Six in 10 business leaders at large companies believe that it’s extremely important to deliver real-time customer interactions across touch points and devices today, and 8 in 10 feel that it will be extremely important in 2 years’ time, according to a SAS-sponsored study [download page] conducted by Harvard Business Review (HBR) Analytics Services.
But while business leaders recognize the importance of real-time analytics, they haven’t attained strong levels of success. In fact, respondents were twice as likely to say they’re not effective (30%) than to say they’re very effective (16%) at delivering real-time customer interactions across touch points and devices.

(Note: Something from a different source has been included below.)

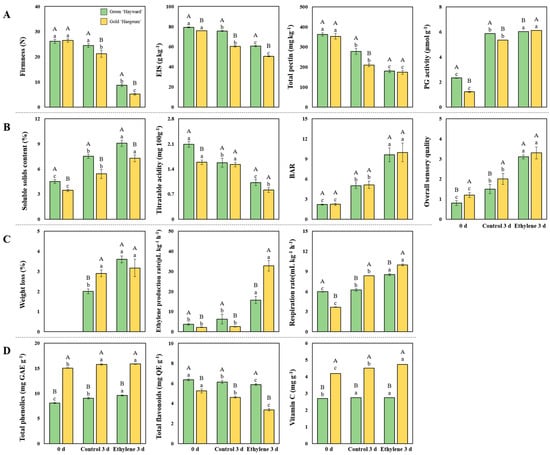 Firmness, EIS, total pectin and PG activity (A); soluble solids content (SSC), titratable acidity (TA), Brix/acid ratio (BAR) and overall sensory quality (B); weight loss, ethylene production and respiration rates (C); total phenolics, total flavonoids and vitamin C (D) of green ‘Hayward’ and gold ‘Haegeum’ kiwifruit on day 0 and third day of ripening at 25 °C with ethylene treatment or without treatment (control). Data are presented as a mean ± standard errors in 10 replicates for firmness, SSC, TA, BAR and overall sensory quality; and in 5 replicates for the other parameters. The bars with different upper-case letters indicate a significant difference (p < 0.05) between cultivars, the bars with different lower-case letters indicate a significant difference (p < 0.05) between treatments.

In an effort to change that, 7 in 10 have increased their investments in the past year, including one-third who have spent significantly more. These investments are being made primarily to scale customer-centered decisions and actions across business functions and to design contextual customer engagements across their journey.
Presumably those business drivers are also looking to combat the main obstacles to real-time customer analytics, which revolve around the legacy systems, data silos and organizational silos that have become a common refrain in data-driven initiatives.
Which Customer Systems Are Critical?
If legacy systems are a hindrance, then it stands to reason that organizations will need to invest in new technologies to achieve their desired real-time customer analytics. As the report notes, H&R Block took the approach of investing in a new customer relationship management (CRM) system, and then layered other technologies on top of that.
Having the CRM as the foundational system seems to be the consensus viewpoint from the business leaders surveyed, a logical response given the focus on customers and their interactions. Indeed, 73% view the CRM as very important to their organization’s ability to deliver tailored, targeted, and timely interactions today, and 80% see it as being very important in 2 years’ time.
Next on the list is predictive analytics, which 61% view as very important today and 74% as that important in a couple years’ time.
Interestingly, a recent report from Adobe found that while CRM data remains enterprises’ most common approach taken to augmenting data-driven marketing, reliance on CRM data is diminishing in favor of increasing use of predictive analytics.
Meanwhile the SAS and HBR study finds that social media monitoring is almost as important as predictive analytics today, and will continue to be over the next couple of years.
Among the other systems predicted to grow in importance over the next couple of years are text analytics, intelligent assistants/chat bots, and speech/voice analytics.
While it may seem that there’s a lot of complexity to managing those technologies, the payoffs are large. A majority (58%) of organizations have already seen significant increases in customer retention/loyalty as a result of their use of customer analytics, and around half have also significantly improved their understanding and strength of the customer journey.
Perhaps most importantly, 44% have enjoyed significant growth and revenue generation.
About the Data: The results are based on a survey of 560 business leaders at companies with more than 500 employees (54% at companies with at least 10,000 employees). Respondents came from a variety of industry sectors and job functions, with the North Americans (37%) and EMEA (35%) regions most heavily represented.